> _GIVEN DATA_:
⟨

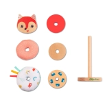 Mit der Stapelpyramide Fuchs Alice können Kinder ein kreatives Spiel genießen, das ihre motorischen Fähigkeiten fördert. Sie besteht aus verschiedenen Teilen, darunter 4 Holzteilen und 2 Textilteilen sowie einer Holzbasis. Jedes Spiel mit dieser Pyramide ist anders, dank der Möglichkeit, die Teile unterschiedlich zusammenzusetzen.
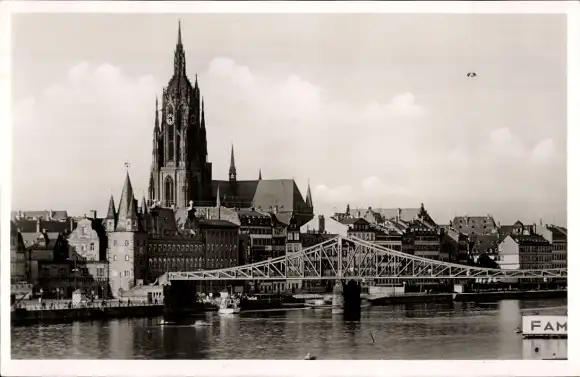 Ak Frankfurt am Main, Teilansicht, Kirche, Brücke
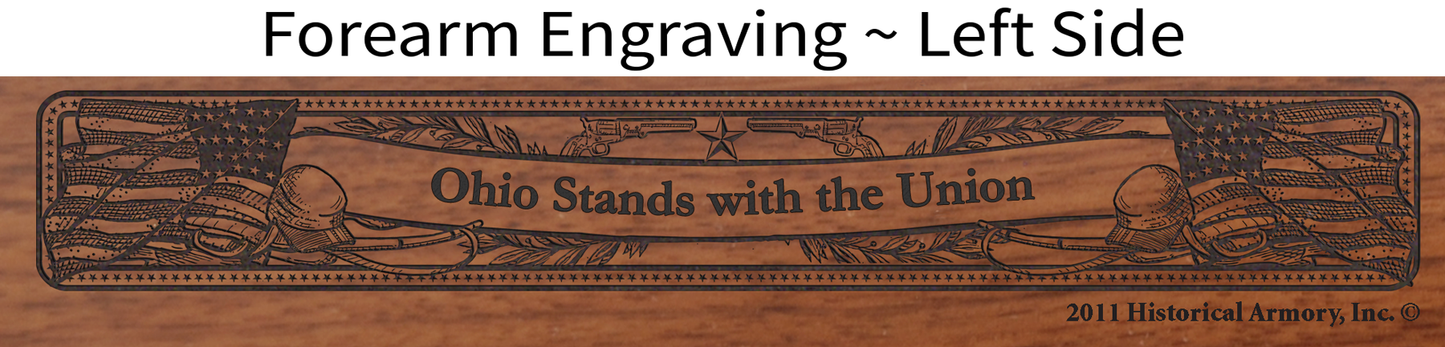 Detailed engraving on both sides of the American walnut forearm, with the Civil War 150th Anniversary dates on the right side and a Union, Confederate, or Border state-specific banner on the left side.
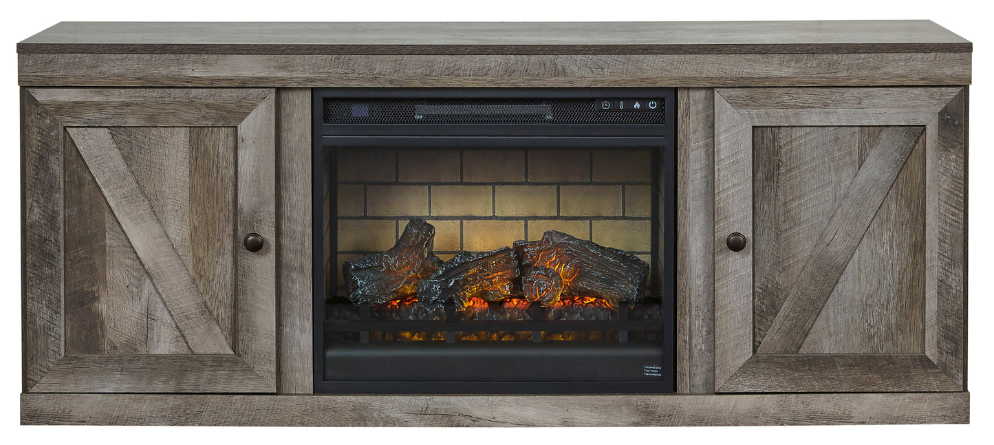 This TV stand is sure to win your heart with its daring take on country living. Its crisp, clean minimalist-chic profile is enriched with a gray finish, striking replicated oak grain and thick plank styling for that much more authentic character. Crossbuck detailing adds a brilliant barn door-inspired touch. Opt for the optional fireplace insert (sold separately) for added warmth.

⟩

> _TASK DESCRIPTION_: From the first line of the listing above, repeat every line through the one holding "Ak Frankfurt am". Both ends count, and pictures stay out.

> _TASK RESPONSE_:
 Mit der Stapelpyramide Fuchs Alice können Kinder ein kreatives Spiel genießen, das ihre motorischen Fähigkeiten fördert. Sie besteht aus verschiedenen Teilen, darunter 4 Holzteilen und 2 Textilteilen sowie einer Holzbasis. Jedes Spiel mit dieser Pyramide ist anders, dank der Möglichkeit, die Teile unterschiedlich zusammenzusetzen.
 Ak Frankfurt am Main, Teilansicht, Kirche, Brücke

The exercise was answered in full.